Banon AOP (Week 5)

Banon 1

Banon: goat cheese wrapped in chestnut leaves

Cheese: Banon AOP

Producer: Fromagerie de Banon

Where: Banon, France

I spent the first few days of this week in Avignon, and the Cheese Primer suggests that two of the ‘worthy’ cheeses from Provence/ Dauphiné region are the Banon and the Saint Marcellin. Steven Jenkins is the author of this book, which I bought quite a few years ago and which is starting to show its age: it was published in 1996 and back then it won a James Beard award, but unfortunately, it has by now missed 20 years of development – nothing in his book about the splendid new cheeses in the US (he dedicates a chapter to the US, but the pickings are slim), or any of the newer creations in Europe. In fact, it even predates the AOP designation of the Banon, which was awarded in 2003. At some point in this blog, I will write something about the Appellation d’Origine Protégée, but for now it suffices to say that this designation indicates to consumers that they are buying the real deal, in this case a cheese that is produced according to certain rules in a certain area, using certain ingredients, in this case raw goat milk.

It is a little round cheese, about three inches in diameter and an inch thick, with a nice white rind and a smooth creamy paste. Banon are wrapped in chestnut after 5 to 10 days of ripening. The leaves are soaked in water or a water & vinegar mix and this takes out much of the tannin, but the overall idea of this wrapping is that the leaves do not just protect the cheese but also impart some flavor.
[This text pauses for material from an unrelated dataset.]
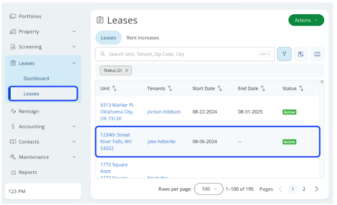 1.) To begin, click on the "Leases" tab located on the left side of your screen. Next, search for the specific lease associated with the security deposit that you wish to split.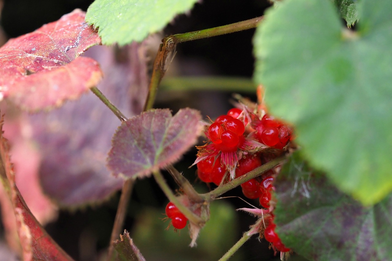 2020年 花や風景や 08 戻る 撮影(01/19) 倒木の中でのんびりしている野イチゴです。 撮影地は町内の公園です。 (OLYMPUS) OM-D E-M1 Mark II M.ZUIKO DIGITAL ED 40-150mm F2.8 PRO

The leaves are carefully folded around the cheese and kept in place with a strand of natural raffia. If nothing else, the cheese looks very pretty and it makes for a good story. The cheese is named for the small market town that sits on a 2,600 feet ridge about 60 miles east of Avignon. There is a legend that Antoninus Pius, Roman emperor from 138 to 161, ate so much Banon that he fell ill and died a few days later. I am not quite sure why the people that are selling this cheese think they need to tell this story.

Local farmers who used their goats (‘poor man’s cows’) for milk produced cheese for their own use and sold any surplus in the nearby towns. Today the region in which Banon is produced is carefully delineated, outside of it, farmers can wrap their cheese in chestnut leaves all they want, but it’s no Banon!

The second cheese I bought was the Saint Marcellin, named after a town two hours north of Avignon, a little over a half hour from the banks of the Rhône. It is ridiculously creamy, packs a lot of flavor and a bit of a bite when thoroughly ripened. That big glob of cheese on the bread is Saint Marcellin.

Saint Marcellin
Creamy goodness: Saint Marcellin

The bread by the way is typical for the region: walnuts and grapes, soaked in red wine for a while, are kneaded into the dough – pain vigneron. It is the kind of bread you can just keep munching away at until it is miraculously gone.

Third cheese! The Pélardon is from the Cévennes region, in the Massif Central, quite a ways from Avignon, so it didn’t fit in my plan of having strictly regional cheeses, but my companion, Magalie insisted, and she’s a chef, so I did as I was told. It was worth it: it is dry, has the typical goat flavor with nice complexity – a good one all around. One of the great things about some of the AOPs is that they prescribe what the animals eat and where they eat it – in this way, these rules ensure that the consumer knows that their cheese comes from goats who have a decent life. The Pélardon has an AOP designation as well.

Delice du Ministre
Tres delicieux: Delice du Ministre

For good measure, I bought three other cheeses (and I thought I showed great restraint): a goat cheese from the Chevrerie du Pesillon, one from the Terrasson farm, and finally a Délice du Ministre from Givors, a town along the Rhône. This last cheese has its roots in a small town called Vinay, not far from Saint Marcellin and I cannot figure out why it is not better known. The only thing I have learned that it received its name because high ranking government official in the past would have goatees, and were subsequently referred to as goats. Délice du Ministre is thus a reverse-play on that nickname. It was a delightful surprise, I actually liked it the best of all of six cheese – perhaps it was a draw between the Saint Marcellin and the Délice.

On the plate with the six cheeses, they are, from center top clockwise: the Saint Marcellin (cow’s milk, by the way), the Pesillon, the Pélardon AOP, the Délice du Ministre and the Terrasson (with the grey mold). The Banon sits in the center.

French Goat Cheeses
On ne peut jamais avoir trop de fromage!